Thank you for the feedback! I updated the commit so that the old links still work.

in reply to:  11 comment:12 by Natalia Bidart, 5 weeks ago

Needs tests: set

Replying to Remy:

Thank you for the feedback! I updated the commit so that the old links still work.

Thank you Remy, I have provided further comments in the PR. In the future please be sure to adjust the flags in this ticket to move the PR back to the review queue.
The proper procedure to get a re-review is described in these docs.

comment:13 by Simon Charette, 9 days ago

Cc: Carlton Gibson Natalia Bidart Simon Charette added

Hello Remy, thank you for your patch submission.
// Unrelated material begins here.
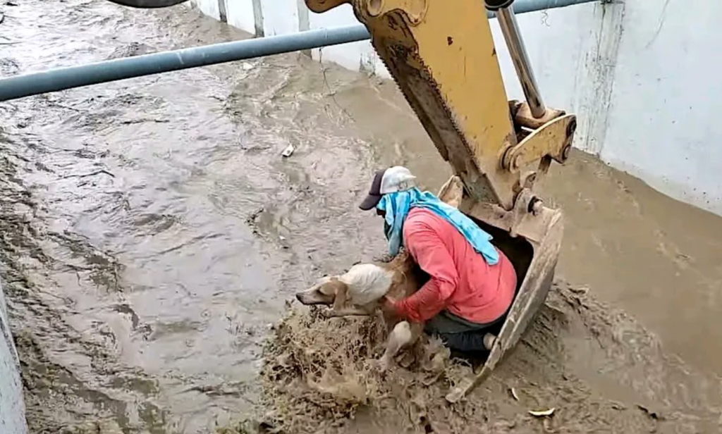 فقد أظهر المقطع الذي صور في مقاطعة بساجي بالإكوادور كلبا علق في سيل مياه جارف، في حين قفز أحد العمال إلى ذراع جرافة كانت بالمكان لمحاولة إنقاذه.

Over the past week the security team had the chance to review it and after some deliberation we came to the conclusion that we might want to change our stance and consider this ticket as won't fix for the following reasons

  • As discussed previously this only addresses one way that user ids can be enumerated and the only true way to prevent this problem from happening is to switch to non-enumerable user-facing identifiers (e.g. UUIDs) which Django supports.
  • While your salted XOR implementation appears to be correct (thanks for trying it out btw) we don't believe that the nature of this problem (enumeration) warrants the complexity it introduces.
  • We considered that we might want to repurpose to this ticket to make it easier for interested user to rollout their own implementation of User -> uid -> User but we feared that it might be to niche and cause more harm than good if it was to be poorly overridden.
  • Lastly we discussed that instead of sending along the UserModel.pk in the uid could send the UserModel.USERNAME_FIELD attribute which is also unique and due to the inclusion of the pk in the hash would be immediately invalidated on a username swap. After all uid is user controlled so any field that allows for unique retrieval of a user should (safely work)?

I'd like to personally apologize for sending you down the rabbit hole and keeping you waiting for so long for feedback, we were truly unsure how to proceed here and needed to reach a consensus to avoid even more confusion. With all that said we'd like to give you the opportunity to chime in before we move forward with what we believe should have been the initial response to your report.